Depression researcher Eva Redei presented research at the Neuroscience 2009 conference in Chicago this week that calls into question two tenets of depression science: that stressful life events are a major cause of depression, and that an imbalance in neurotransmitters triggers depressive symptoms.

For decades, drugs have been developed around these beliefs, leading to antidepressant medications that are actually designed to relieve stress. But stress-related genes have almost no overlap with depression-related genes, reports Redei, the David Lawrence Stein professor of psychiatry at Northwestern University's Feinberg School of Medicine in Chicago. (Full disclosure: Northwestern is my alma mater.)

That means those antidepressants work if you're stressed, but not necessarily if you're depressed.

"This is a huge study and statistically powerful," Redei says. "This research opens up new routes to develop new antidepressants that may be more effective. There hasn't been an antidepressant based on a novel concept in 20 years."

Redei's conclusion is based on studies of rats with behavioral and physiological abnormalities that are found in humans with major depression. Using microarray technology, Redei was able to isolate and identify the specific genes related to depression in the hippocampus and amygdala--regions of the brain associated with depression.

Redei then exposed four different strains of rats to chronic stress for two weeks, and identified which genes increased or decreased in response to this stress in all four strains. She now had one set of depression-related genes and one of stress-related genes.

To test the long-held belief that stress is a major cause of depression, Redei looked for similarities between these two sets of genes. Out of more than 30,000 genes on the microarray, 254 were related to stress and 1,275 to depression. Only 5 were found in both samples.

"This finding is clear evidence that at least in an animal model, chronic stress does not cause the same molecular changes that depression does," Redei says. She is now looking at the genes that differ in the depressed rats so that she can narrow down targets for drug development.

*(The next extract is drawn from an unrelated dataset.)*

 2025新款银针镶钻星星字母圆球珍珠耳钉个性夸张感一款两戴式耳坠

Antidepressants are also often ineffective, Redei says, because they aim to boost the neurotransmitters serotonin, norepinephrine, and dopamine, whose reduced levels have been associated with depression. But this strategy is now also being called into question.

In the second part of the study, Redei found that the biochemical events that result in depression were starting all the way back in the development of neurons, not in neurotransmitters. She says her animal model of depression did not show significant differences in the levels of genes controlling neurotransmitters' functions. In other words, medications are working as Band-Aids on the effect, as opposed to treatments of the cause.

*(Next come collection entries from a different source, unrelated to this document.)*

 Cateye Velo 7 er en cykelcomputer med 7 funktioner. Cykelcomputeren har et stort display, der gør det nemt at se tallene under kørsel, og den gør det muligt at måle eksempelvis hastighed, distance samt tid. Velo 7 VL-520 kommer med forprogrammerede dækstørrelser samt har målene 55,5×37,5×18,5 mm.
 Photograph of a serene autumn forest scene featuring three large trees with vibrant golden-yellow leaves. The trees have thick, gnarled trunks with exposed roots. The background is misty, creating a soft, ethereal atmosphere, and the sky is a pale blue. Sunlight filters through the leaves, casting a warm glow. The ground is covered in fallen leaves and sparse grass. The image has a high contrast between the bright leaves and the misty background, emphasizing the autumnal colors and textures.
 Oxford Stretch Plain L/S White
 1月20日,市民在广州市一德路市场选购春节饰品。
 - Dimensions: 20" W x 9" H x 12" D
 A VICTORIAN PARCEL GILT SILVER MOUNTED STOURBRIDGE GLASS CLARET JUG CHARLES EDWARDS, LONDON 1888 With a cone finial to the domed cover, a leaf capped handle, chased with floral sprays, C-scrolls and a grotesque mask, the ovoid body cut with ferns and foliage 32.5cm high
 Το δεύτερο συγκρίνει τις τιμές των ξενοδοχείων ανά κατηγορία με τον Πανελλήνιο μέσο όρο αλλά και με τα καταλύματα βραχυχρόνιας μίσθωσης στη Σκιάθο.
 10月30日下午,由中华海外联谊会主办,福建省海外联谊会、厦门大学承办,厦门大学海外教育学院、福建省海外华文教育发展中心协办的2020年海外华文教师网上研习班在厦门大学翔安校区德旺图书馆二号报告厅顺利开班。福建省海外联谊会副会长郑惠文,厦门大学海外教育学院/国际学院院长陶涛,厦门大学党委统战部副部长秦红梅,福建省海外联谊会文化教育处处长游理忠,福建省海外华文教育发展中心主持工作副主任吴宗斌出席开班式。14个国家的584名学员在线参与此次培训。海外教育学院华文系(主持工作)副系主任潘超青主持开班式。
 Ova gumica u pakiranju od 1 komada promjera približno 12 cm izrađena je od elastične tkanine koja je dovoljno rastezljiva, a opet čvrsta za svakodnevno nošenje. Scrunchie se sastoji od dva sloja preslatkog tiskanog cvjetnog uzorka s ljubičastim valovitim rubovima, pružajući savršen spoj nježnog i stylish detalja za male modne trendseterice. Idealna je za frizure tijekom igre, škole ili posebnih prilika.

"If depression was related to neurotransmitter activity, we would have seen that," she says.

Of course, her research depends on whether depression in human brains behaves similarly to depression in rats. "The similarities between these regions of the human and rodent brain are remarkable," she says. "The hippocampus and amygdala are part of the so-called ancient lizard brain that controls survival and are the same in even primitive organisms."

Elizabeth Armstrong Moore is a freelance journalist based in Portland, Ore. She has contributed to Wired magazine, The Christian Science Monitor, and public radio. Her semi-obscure hobbies include unicycling, slacklining, hula-hooping, scuba diving, billiards, Sudoku, Magic the Gathering, and classical piano. She is a member of the CNET Blog Network and is not an employee of CNET.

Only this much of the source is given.